[LETTERHEAD OF ORRICK, HERRINGTON & SUTCLIFFE LLP]


                                                                     EXHIBIT 5.2


March 23, 2004

Pacific Gas and Electric Company
77 Beale Street
San Francisco, CA  94177

Re:      Pacific Gas and Electric Company
         Registration Statement (File No. 333-109994)

Ladies and Gentlemen:

With respect to the remaining $2,700,000,000 aggregate principal amount of
Senior Secured Bonds (the "Bonds") covered by the Registration Statement on Form
S-3, File No. 333-109994, filed by Pacific Gas and Electric Company (the
"Company") with the Securities and Exchange Commission (the "Commission") on
October 27, 2003, as amended by Amendment No. 1 thereto filed with the
Commission on March 2, 2004 (as amended, the "Registration Statement"), we have
examined the Registration Statement, the prospectus contained in the
Registration Statement (the "Prospectus"), and the Indenture of Mortgage (the
"Indenture") between the Company and BNY Western Trust Company, as trustee (the
"Trustee"), dated as of March 11, 2004, pursuant to which the Bonds may be
issued. The Indenture and this opinion letter are being filed with the
Commission with the Company's Current Report on Form 8-K dated March 23, 2004
(the "Current Report").

We also have examined the originals, or copies identified to our satisfaction,
of such corporate records of the Company, certificates of public officials,
officers of the Company and other persons, and such other documents, agreements
and instruments as we have deemed relevant and necessary for the basis of the
opinions hereinafter expressed. In such examination, we have assumed the
following: (a) the authenticity of original documents and the genuineness of all
signatures; (b) the conformity to the originals of all documents submitted to us
as copies; and (c) the truth, accuracy and completeness of the information,
representations and warranties contained in the records, documents, instruments
and certificates we have reviewed.

Based on and subject to the foregoing, we are of the opinion that the Bonds will
be legal and binding obligations of the Company at such time as: (a) the forms
and the terms of the Bonds have been approved by appropriate action of the
Company, and the Bonds have been duly executed, authenticated and delivered in
accordance with the Indenture and any supplement thereto; (b) any additional
regulatory approval that may be required from the California Public Utilities
Commission has been obtained by the Company; and (c) the Bonds have been issued
and sold as contemplated by the Registration Statement, the Prospectus and any
prospectus supplement relating thereto.



Pacific Gas and Electric Company
March 23, 2004
Page 2

The opinion set forth above is subject to (a) bankruptcy, insolvency,
reorganization, arrangement, moratorium or other similar laws relating to or
affecting creditors' rights generally (including, without limitation, all laws
relating to fraudulent transfers or conveyances, preferences and equitable
subordination); (b) general principles of equity, including, without limitation,
concepts of materiality, reasonableness, good faith and fair dealing and the
possible unavailability of specific performance or injunctive relief (regardless
of whether enforcement is considered in a proceeding in equity or at law); and
(c) the matters relating to remedies available to the Trustee as mortgagee under
California law and the possible need for regulatory approvals for any sale or
other disposition upon foreclosure under the Indenture discussed under the
caption "Description of the Senior Secured Bonds -- Certain Aspects of a
Mortgage" in the Prospectus.

The opinion expressed herein is limited to the laws of the State of California
and the federal laws of the United States of America.
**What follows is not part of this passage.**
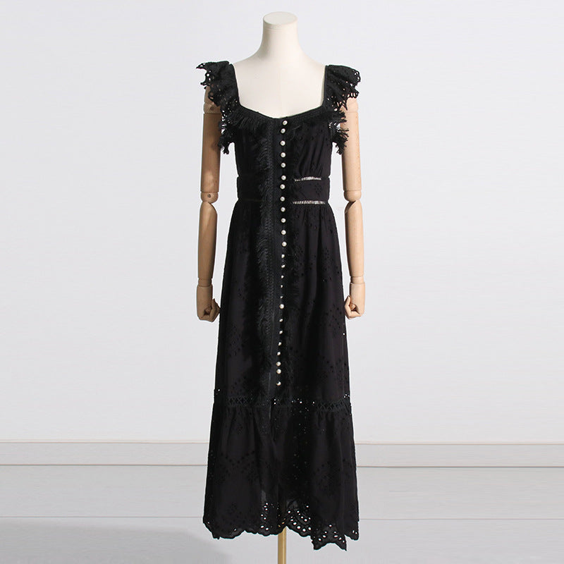Bohemian Dress Dignified Hollow Embroidered Strap Long Dress

We hereby consent to the reference to our firm under the heading "Legal Matters"
in the Prospectus and to the filing of this opinion letter as Exhibit 5.2 to the
Registration Statement which incorporates the Current Report by reference. By
giving this consent, we do not admit that we are within the category of persons
whose consent is required under Section 7 of the Securities Act of 1933 and the
rules and regulations promulgated thereunder.